What is needed is an exact reproduction of the lines in the records below, starting at the line with "Use the drop-downs" and ending at the line with "Step into timeless", both included, and nothing else; pictures stay out.

====== RECORDS FOR PROCESSING ======

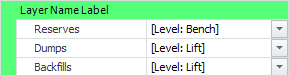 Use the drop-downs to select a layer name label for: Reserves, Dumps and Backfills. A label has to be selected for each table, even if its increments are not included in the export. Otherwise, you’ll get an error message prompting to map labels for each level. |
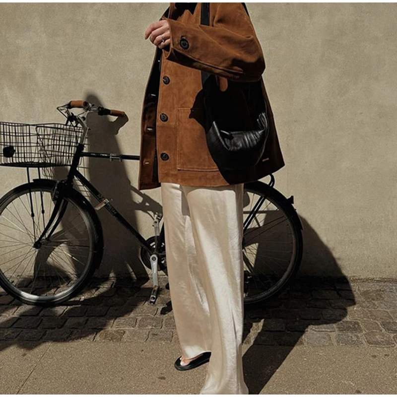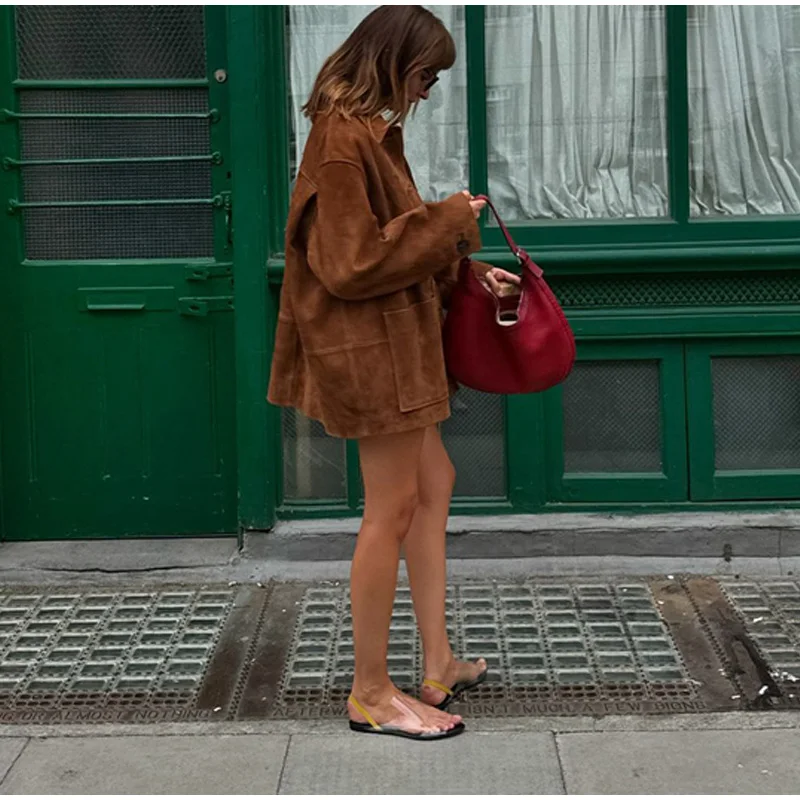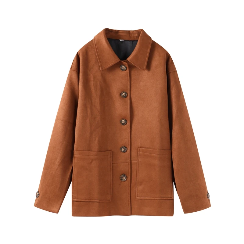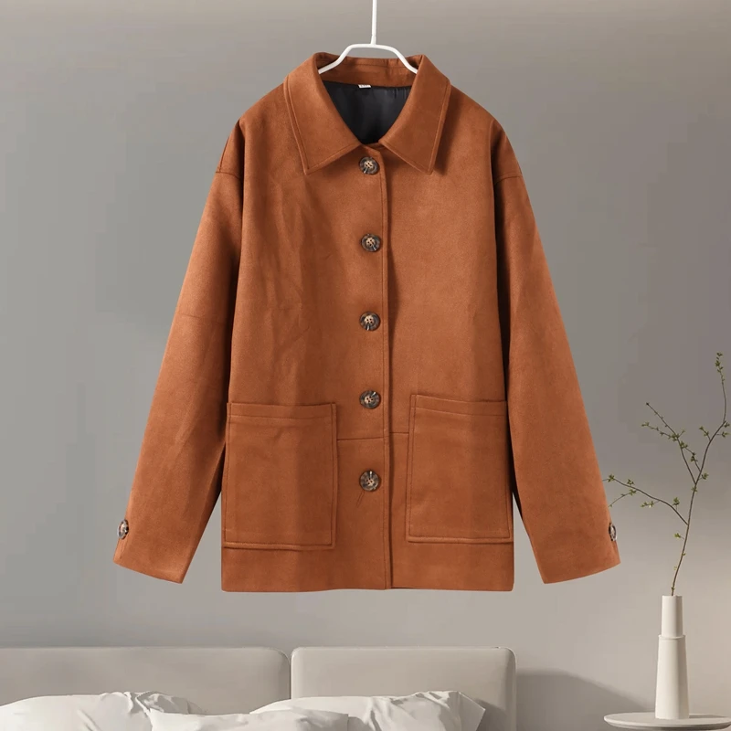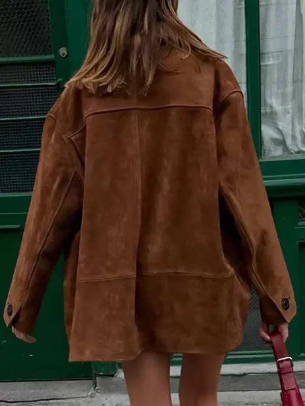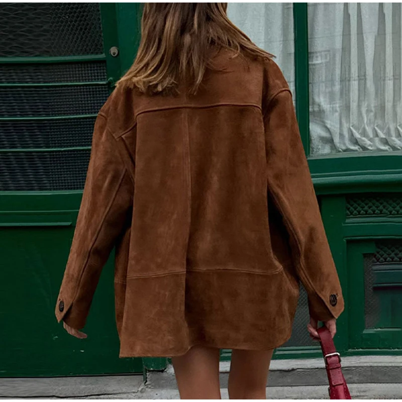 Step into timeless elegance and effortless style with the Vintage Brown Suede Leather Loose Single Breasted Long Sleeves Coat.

======
====== RECORDS FOR PROCESSING ======

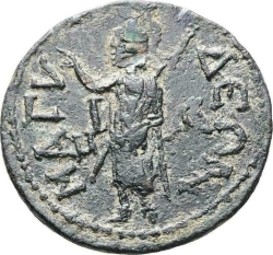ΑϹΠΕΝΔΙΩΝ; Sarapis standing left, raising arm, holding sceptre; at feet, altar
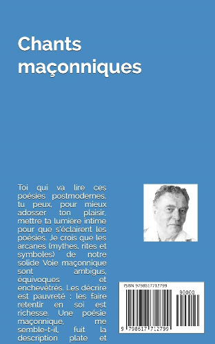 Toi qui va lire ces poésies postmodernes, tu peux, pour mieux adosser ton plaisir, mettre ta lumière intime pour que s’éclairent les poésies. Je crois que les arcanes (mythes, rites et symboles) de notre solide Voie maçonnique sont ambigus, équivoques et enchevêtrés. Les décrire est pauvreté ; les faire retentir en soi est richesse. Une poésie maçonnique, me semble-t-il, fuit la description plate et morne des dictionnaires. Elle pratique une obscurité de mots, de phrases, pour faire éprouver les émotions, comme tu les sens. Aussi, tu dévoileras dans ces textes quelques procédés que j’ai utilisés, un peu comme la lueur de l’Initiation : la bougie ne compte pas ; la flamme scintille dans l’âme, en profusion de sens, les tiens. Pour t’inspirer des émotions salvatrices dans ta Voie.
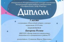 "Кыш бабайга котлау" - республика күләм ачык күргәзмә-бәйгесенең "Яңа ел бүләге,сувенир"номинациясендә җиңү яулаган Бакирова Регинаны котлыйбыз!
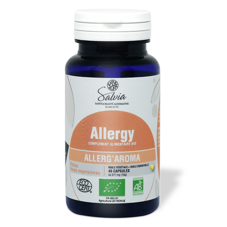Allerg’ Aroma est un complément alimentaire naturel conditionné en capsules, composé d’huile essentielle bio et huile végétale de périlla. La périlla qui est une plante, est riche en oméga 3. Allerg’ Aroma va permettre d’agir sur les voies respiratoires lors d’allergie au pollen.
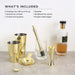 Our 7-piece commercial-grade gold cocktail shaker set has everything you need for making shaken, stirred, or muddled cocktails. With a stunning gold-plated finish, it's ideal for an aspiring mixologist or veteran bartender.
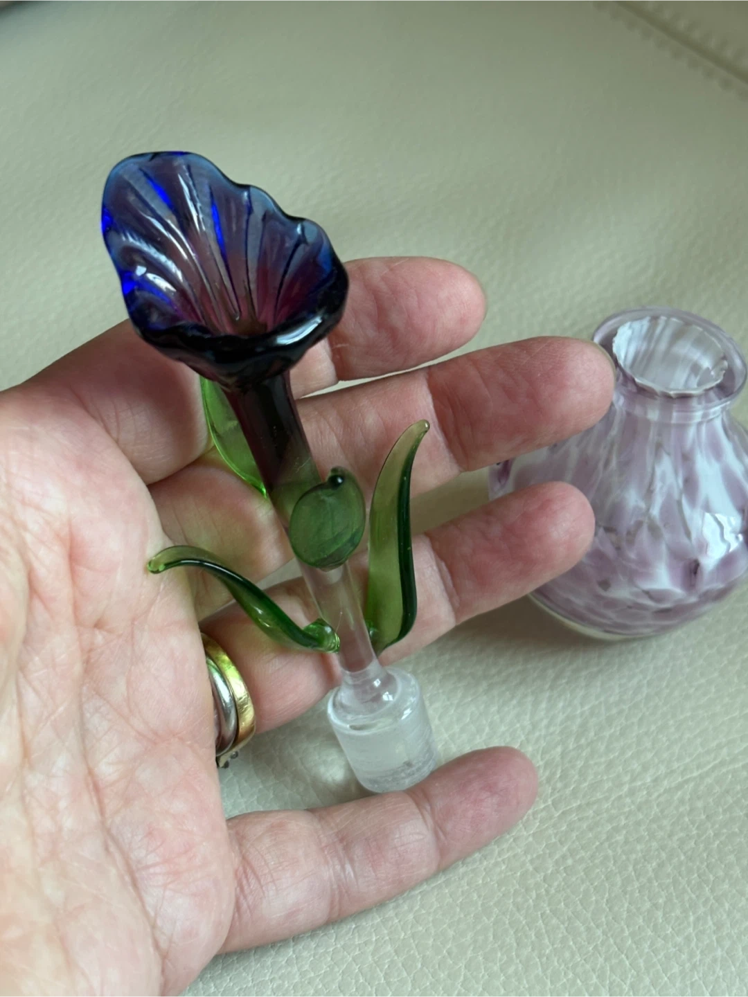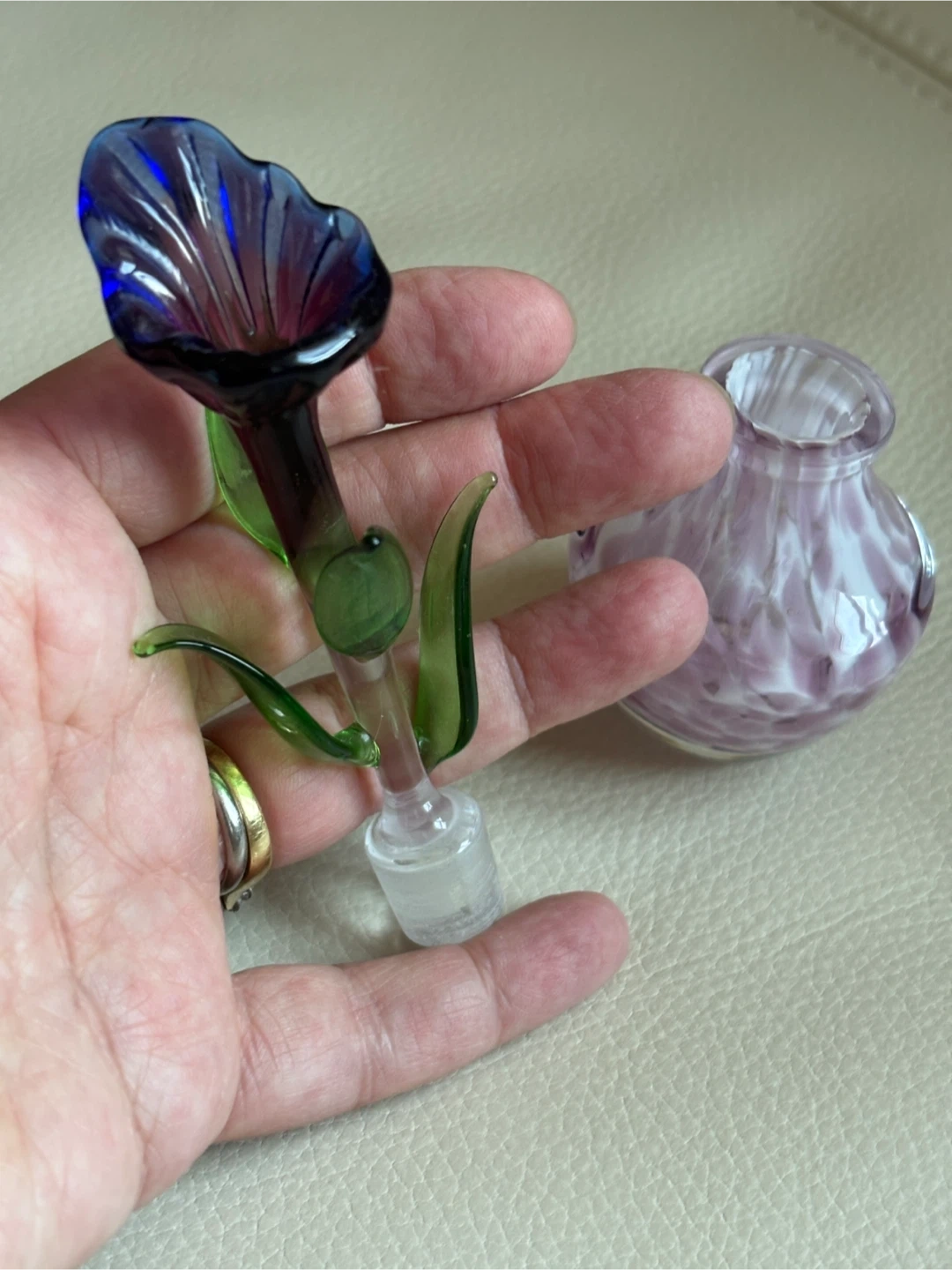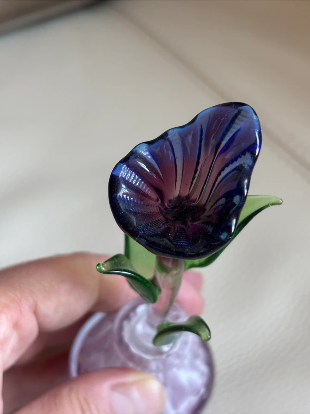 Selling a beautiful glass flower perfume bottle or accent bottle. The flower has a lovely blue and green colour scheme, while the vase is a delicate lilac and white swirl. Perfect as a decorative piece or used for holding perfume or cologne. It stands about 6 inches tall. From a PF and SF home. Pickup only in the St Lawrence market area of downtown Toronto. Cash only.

======

§ THE COMPLETED TASK
 Use the drop-downs to select a layer name label for: Reserves, Dumps and Backfills. A label has to be selected for each table, even if its increments are not included in the export. Otherwise, you’ll get an error message prompting to map labels for each level. |
 Step into timeless elegance and effortless style with the Vintage Brown Suede Leather Loose Single Breasted Long Sleeves Coat.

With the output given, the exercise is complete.